But Devon Energy Corp. is willing to take that time, and its efforts are paying off in restored grasslands at the locations of Permian Basin natural gas and oil wells it’s drilled in the southeast part of the state.

The company has been working on the reclamation program as part of a bigger effort of best management practices with New Mexico’s Bureau of Land Management.

The reclamation process takes time, said Don Mayberry, Devon Energy’s superintendent in Artesia.

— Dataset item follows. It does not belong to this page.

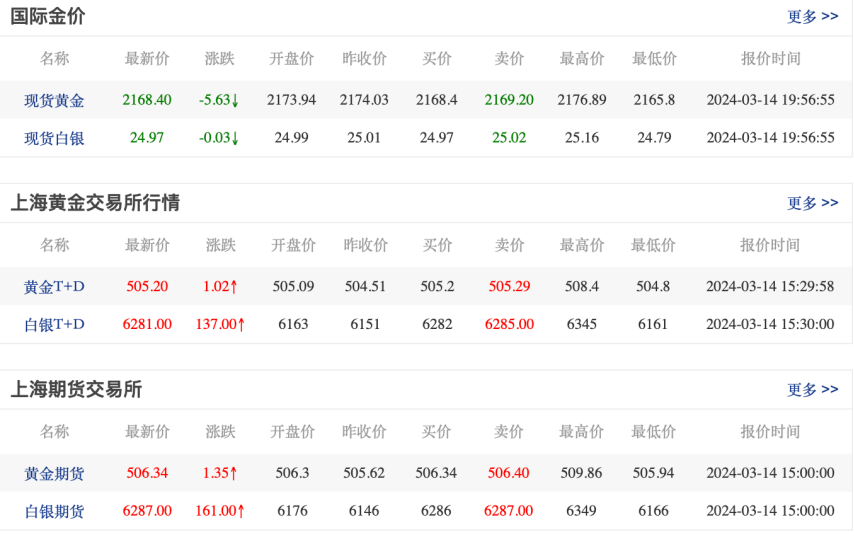 受到带动,以人民币计价的黄金价格也在强劲上涨。截至3月14日下午,上海黄金交易所的黄金T+D为505元/克,上海期货交易所黄金期货为506元/克。

"This country is hard to reclaim. It has very little topsoil, and very little moisture. And some places where we work, it is very rocky,” Mayberry said. "On those locations, you have to blast and then rake the rock up. Trying to reclaim those is very tough. It is a challenge.”

Noticed for its work

Devon Energy earns awards for that work, though, from both professional and government organizations. Two awards in particular were given to the Oklahoma City-based company this year — one from the Bureau of Land Management for a Technology-based, Holistic Approach to Oil and Gas Development, and another from the U.S. Department of Interior, which gave its Interior Cooperative Conservation Award to New Mexico’s Bureau of Land Management and Devon for their reclamation partnership.

Energy

Devon’s operations

The company has a half-million leased acres in southeast New Mexico, essentially in a box 100 miles wide and 100 miles deep. Within that, it operates about 1,200 wells, and adds about 50 wells annually. About 60 percent of them produce natural gas; the remainder produces oil. Average daily production for the area now is 94 million cubic feet of natural gas and 7,400 barrels of oil. Ninety-five percent of Devon’s operations are within Lea and Eddy counties in New Mexico, Devon officials said. The company has been active in the area for decades, especially since the 1980s when it acquired other companies with substantial working interests there. Devon’s main office is in Artesia. It employs about 75 workers. Dozens of other employees work in regional offices, officials say.